▶ _TASK TO COMPLETE_
Of all the lines in the entries below, give again exactly those starting at the line containing "Hình ảnh thực" and ending at the line containing "Vremenska postaja HAMA", both ends included, and no others.

[[ DATASET RECORDS, beginning ]]

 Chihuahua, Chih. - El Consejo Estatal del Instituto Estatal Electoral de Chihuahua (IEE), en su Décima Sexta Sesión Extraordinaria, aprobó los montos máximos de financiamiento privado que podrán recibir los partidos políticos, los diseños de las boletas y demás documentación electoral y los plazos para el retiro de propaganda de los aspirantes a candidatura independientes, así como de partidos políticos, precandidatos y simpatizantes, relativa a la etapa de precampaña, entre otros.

[[ DATASET RECORDS, end ]]
[[ DATASET RECORDS, beginning ]]

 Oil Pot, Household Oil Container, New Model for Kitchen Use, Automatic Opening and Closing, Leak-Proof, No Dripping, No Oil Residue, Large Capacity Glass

[[ DATASET RECORDS, end ]]
[[ DATASET RECORDS, beginning ]]

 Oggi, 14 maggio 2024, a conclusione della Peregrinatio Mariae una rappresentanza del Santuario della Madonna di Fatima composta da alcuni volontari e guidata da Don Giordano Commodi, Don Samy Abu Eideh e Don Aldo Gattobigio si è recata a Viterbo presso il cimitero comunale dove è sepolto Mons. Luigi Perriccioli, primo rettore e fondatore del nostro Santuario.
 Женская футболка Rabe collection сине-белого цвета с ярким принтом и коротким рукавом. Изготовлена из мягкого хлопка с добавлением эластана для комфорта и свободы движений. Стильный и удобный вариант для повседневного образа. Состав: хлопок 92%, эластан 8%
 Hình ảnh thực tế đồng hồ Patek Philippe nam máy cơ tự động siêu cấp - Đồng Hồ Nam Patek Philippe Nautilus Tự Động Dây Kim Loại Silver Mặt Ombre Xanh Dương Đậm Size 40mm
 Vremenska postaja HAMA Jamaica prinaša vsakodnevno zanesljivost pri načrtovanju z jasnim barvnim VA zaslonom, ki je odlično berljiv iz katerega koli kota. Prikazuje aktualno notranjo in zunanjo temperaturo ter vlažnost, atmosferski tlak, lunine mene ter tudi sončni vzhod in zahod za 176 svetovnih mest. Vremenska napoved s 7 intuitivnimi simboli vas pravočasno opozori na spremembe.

[[ DATASET RECORDS, end ]]

▶ _RESULT FOR THIS EXERCISE_
 Hình ảnh thực tế đồng hồ Patek Philippe nam máy cơ tự động siêu cấp - Đồng Hồ Nam Patek Philippe Nautilus Tự Động Dây Kim Loại Silver Mặt Ombre Xanh Dương Đậm Size 40mm
 Vremenska postaja HAMA Jamaica prinaša vsakodnevno zanesljivost pri načrtovanju z jasnim barvnim VA zaslonom, ki je odlično berljiv iz katerega koli kota. Prikazuje aktualno notranjo in zunanjo temperaturo ter vlažnost, atmosferski tlak, lunine mene ter tudi sončni vzhod in zahod za 176 svetovnih mest. Vremenska napoved s 7 intuitivnimi simboli vas pravočasno opozori na spremembe.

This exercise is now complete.